No one can say I did not expand my reading horizons this summer because I just finished reading a 379 page scientific study on Ravens. Bern Heinrich is a professor of zoology and decided to answer the question of why Ravens feed together when the find a dead carcass to scavenge. The book and its discoveries give a lot of insight to Raven society and sociality. I found the study really interesting, though sometimes the essays and experiment notes got way repetitive. It seemed just when I was going to put the book down he moved onto another essay topic like Raven intelligence, or the pet Ravens he kept at home, Raven’s nesting habits, or trapping Ravens in a cage, or building a Raven study site. I really had a lot of fun learning so much about Ravens and their habits.
So, yeah, unless you are a die-hard animal/bird lover then you probably won’t make it through this book very easily. There is a reason my husband is fond of calling me “bird brain,” and it’s not cause I’m stupid. It is because I’m crazy about birds. Especially black birds, and since a Raven is currently the main character of one of my novels I decided to do some research, and I’m really glad I did because there are going to have to be some major changes in my Raven’s behavior!

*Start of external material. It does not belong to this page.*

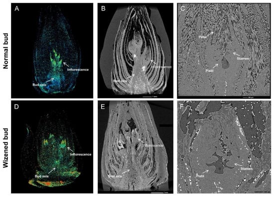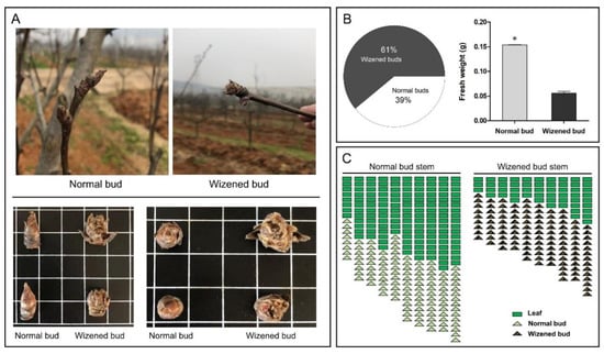 3.1. Phenotype and Structure Comparison between Normal Buds and Wizened Buds

Anyway, this guy, at the time of his writing the book, was only the third person in the world who had captured Ravens and tagged them for study. They are really interesting but extremely shy birds, and so it is incredibly hard to study them at all. I like how this book didn’t show that Raven’s had some kind of mythical intelligence, because that is what the typical Raven book is about, but instead discussed that they had a complex social hierarchy, and interesting habits. This was a fun, but difficult read, yet ultimately rewarding.